Seit Jahrzenten geht das so. Nicht nur bei Schnee. Bei starkem Regen staut sich das Wasser ebenfalls vor ihrem Haus. Und seit Jahrzehnten klagt sie den Behörden ihr Leid (siehe Artikel rechts). "Doch da wird der Schwarze Peter nur von einem zum anderen geschoben", berichtet sie. Die Gemeinde würde sich nicht zuständig fühlen, da die Hauptstraße eine Landesstraße sei. "Dabei hat die Gemeinde doch eine Fürsorgepflicht", so die alleinstehende Seniorin.
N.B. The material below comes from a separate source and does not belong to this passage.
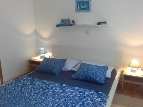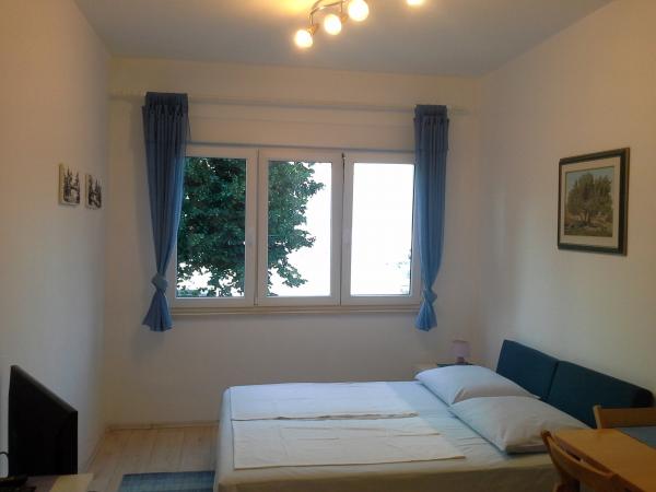 Kuca sa velikim vrtom i parkingom - smjestena na setnici direktno uz more u prekrasnom zaljevu. Iznajmljuju se tri vrlo lijepa, komforna apartmana - svaki ima odvojenu terasu s otvorenim pogledom na more. Izuzetna pozicija - mir i zelenilo - lijepe sljuncano-pjescane plaze. Trgovine i restorani-wellnes - sport-sve u blizini. Lijevo i desno od nase kuce - uvale cca 2-3 km prekrasne setnice uz more. Govorimo strane jezike i trudimo se vec dugi niz godina biti gostu maksimalno na usluzi.

Beim Rhein-Neckar-Kreis würde sie nicht ernst genommen und abgewimmelt werden.

Als vor einigen Jahren die Straßendecke erneuert wurde, wurde sie ebenfalls vorstellig. Denn ihr Problem könnte ganz einfach behoben werden, glaubt sie. Und zwar mit einem längeren Abflussschacht. Diese Idee unterbreitete sie einem Mitarbeiter vom Straßenbauamt, der extra zu ihr gekommen war. Er versprach, die Situation im Auge zu behalten. "Aber da stand er schon kurz vorm Ruhestand", fand Smolik später heraus, als sie den Beamten nicht mehr erreichen konnte.

Und so stochert sie den Schacht weiter bei Schnee frei und deckt Teile ihres Hauses ab.